(What to do) For the records below, print the lines from the line with "Madera como troncos,ramas" through the line with "Cu un sertar" exactly as written; include both end lines and exclude the rest.

(Records for processing)
○ ○ ○ ○

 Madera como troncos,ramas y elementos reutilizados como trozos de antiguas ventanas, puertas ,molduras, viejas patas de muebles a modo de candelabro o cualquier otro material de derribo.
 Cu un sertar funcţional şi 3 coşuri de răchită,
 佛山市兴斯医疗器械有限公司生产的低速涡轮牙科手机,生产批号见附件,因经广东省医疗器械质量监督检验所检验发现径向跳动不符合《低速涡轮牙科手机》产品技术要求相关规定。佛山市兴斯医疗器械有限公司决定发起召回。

○ ○ ○ ○

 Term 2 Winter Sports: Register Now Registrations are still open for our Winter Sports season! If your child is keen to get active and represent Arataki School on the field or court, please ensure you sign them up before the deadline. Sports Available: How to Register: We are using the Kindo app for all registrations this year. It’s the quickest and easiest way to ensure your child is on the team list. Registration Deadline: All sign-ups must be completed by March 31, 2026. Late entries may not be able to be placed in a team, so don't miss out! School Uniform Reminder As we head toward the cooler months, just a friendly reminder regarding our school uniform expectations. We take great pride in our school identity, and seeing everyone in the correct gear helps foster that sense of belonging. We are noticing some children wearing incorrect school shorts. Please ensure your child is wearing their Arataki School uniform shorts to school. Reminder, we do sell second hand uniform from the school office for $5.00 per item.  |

○ ○ ○ ○

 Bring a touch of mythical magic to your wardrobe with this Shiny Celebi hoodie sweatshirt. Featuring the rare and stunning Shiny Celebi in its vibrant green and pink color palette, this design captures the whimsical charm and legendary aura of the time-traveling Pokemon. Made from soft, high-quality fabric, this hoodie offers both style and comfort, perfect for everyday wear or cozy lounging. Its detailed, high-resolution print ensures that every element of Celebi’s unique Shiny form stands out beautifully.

○ ○ ○ ○

(Answer box)
 Madera como troncos,ramas y elementos reutilizados como trozos de antiguas ventanas, puertas ,molduras, viejas patas de muebles a modo de candelabro o cualquier otro material de derribo.
 Cu un sertar funcţional şi 3 coşuri de răchită,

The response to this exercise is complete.